Reflection is the change in direction of a wavefront at an interface between two different media so that the wavefront returns into the medium from which it originated. Common examples include the reflection of light, sound and water waves.
Sound propagates through air as a longitudinal wave. The speed of sound is determined by the properties of the air, and not by the frequency or amplitude of the sound. If a sound is not absorbed or transmitted when it strikes a surface, it is reflected. The law for reflection is the same as that of light, ie., the angle of incidence of a sound wave equals the angle of reflection, just as if it were produced by a 'mirror image' of the stimulus on the opposite side of the surface.
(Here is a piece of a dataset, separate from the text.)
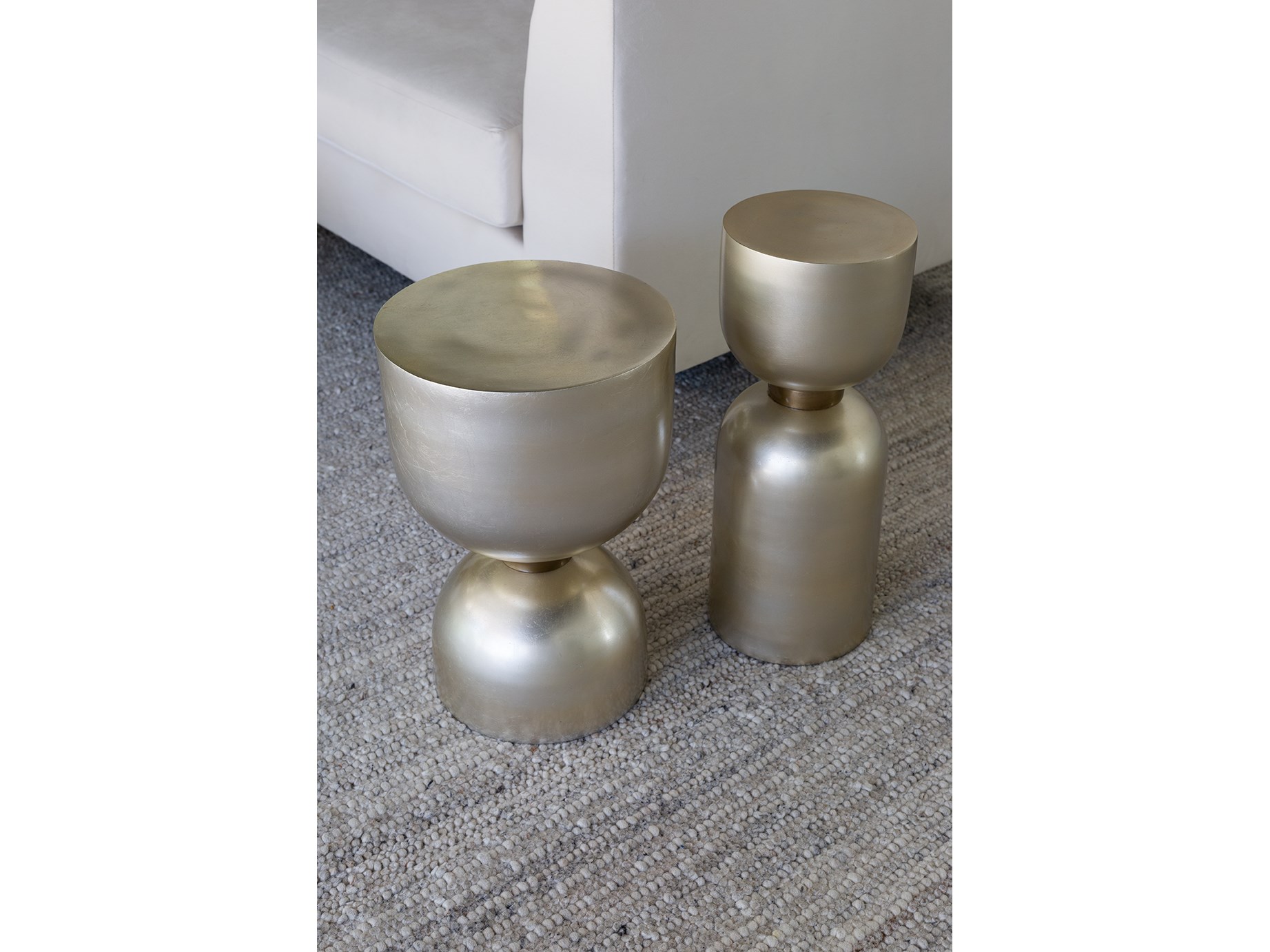 Erinn V X Universal Roca Short Spot TableThe Roca Spot table features an elongated hourglass silhouette, cast in a smooth silver leaf finish with an antique satin brass collar.Erinn V X UniversalAccent TablesLiving RoomU225805

When sound travels in a given medium, it strikes the surface of another medium and bounces back in some other direction, this phenomenon is called the reflection of sound. The waves are called the incident and reflected sound waves.
The sound waves that travel towards the reflecting surface are called the incident sound waves. The sound waves bouncing back from the reflecting surface are called reflected sound waves. For all practical purposes, the point of incidence and the point of reflection are the same point on the reflecting surface.
A perpendicular drawn on the point of incidence is called the normal. The angle which the incident sound waves makes with the normal is called the angle of incidence, "i". The angle which the reflected sound waves makes with the normal is called the angle of reflection, "r".
The following two laws of reflection of light are applicable to sound waves as well:
Student will understand the First and Second Laws of Reflection.
First Law of Reflection: The incident wave, the reflected wave, and the normal at the point of incidence lie on the same plane.
Law of Reflection: The angle of incidence is equal to the angle of reflection.